Tambuwal, according to a statement by his Special Adviser (Media), Abubakar Shekara, said restructuring could only be done by constitution amendments.

He said, “As it were at the moment, whatever you are going to do about the constitution, has been prescribed by the constitution, how you are going to do it, the Grundnorm” he said pointing out that “the constitution has prescribed how a word in that constitution is going to be amended

“Except of course we are saying we are going to jettison the National Assembly and the State Assemblies, in getting it done, which is not possible.

“You can only do that through the introduction of bills at the National Assembly, debates at the National Assembly, public hearings and getting the concurrence of the 36 States Houses of Assembly.”

The governor said that former Presidents Olusegun Obasanjo and Goodluck Jonathan’s constitutional conferences failed because their resolutions were not translated into legislation.

He said, “So you cannot go outside of the constitution to amend the constitution, so we better came to terms with this realisation and agree to come together and agree on how best we can work together to achieve what the nation desires.

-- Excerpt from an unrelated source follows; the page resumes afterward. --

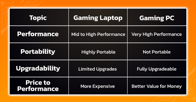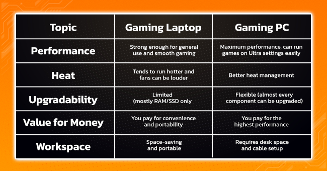 Gaming PC: At the same price, a gaming PC usually delivers about 20–30% more performance because its components don’t need to be miniaturized like those in laptops.

“In that effort that we made, we attempted to reduce the items we have in the exclusive legislative list and move them to the concurrent legislative list, things like power, power generation and distribution, railway and a host of others to move them because we realised their importance to sub-national development.

“Because as it is today you have to get the permission of the federal government to generate, transmit and distribute power, but if you amend the constitution and move that item to the concurrent legislative list, a state like Sokoto may begin the process of establishing a solar plant with capacity to generate say 20 – 30 Megawatts of electricity and set up another hydro plant and have a mix of power generation that can generate up to 60 Megawatts of electricity enough to power the entire state.

“So also with railways, if you take it off the exclusive legislative list, states or zones in terms of the 6 geopolitical zones that we have in the country, may come together and establish railway for their people.

“We also removed policing from the exclusive legislative list to the concurrent legislative list, which would have allowed states by now to have state police but as it is now you cannot have state police without constitutional amendment.

“What we did then was a multifaceted approach to address the lists of challenges Nigeria was facing as at that time in terms of security, power, central and general development.

“Even by removing the issues that had to do with basic education and primary healthcare from chapter 2 that is not justiceable to chapter 4 that is, were landmark decisions that were all made by the 7th House of Representatives to make things easy and possible for implementation by sub-national and federal governments.”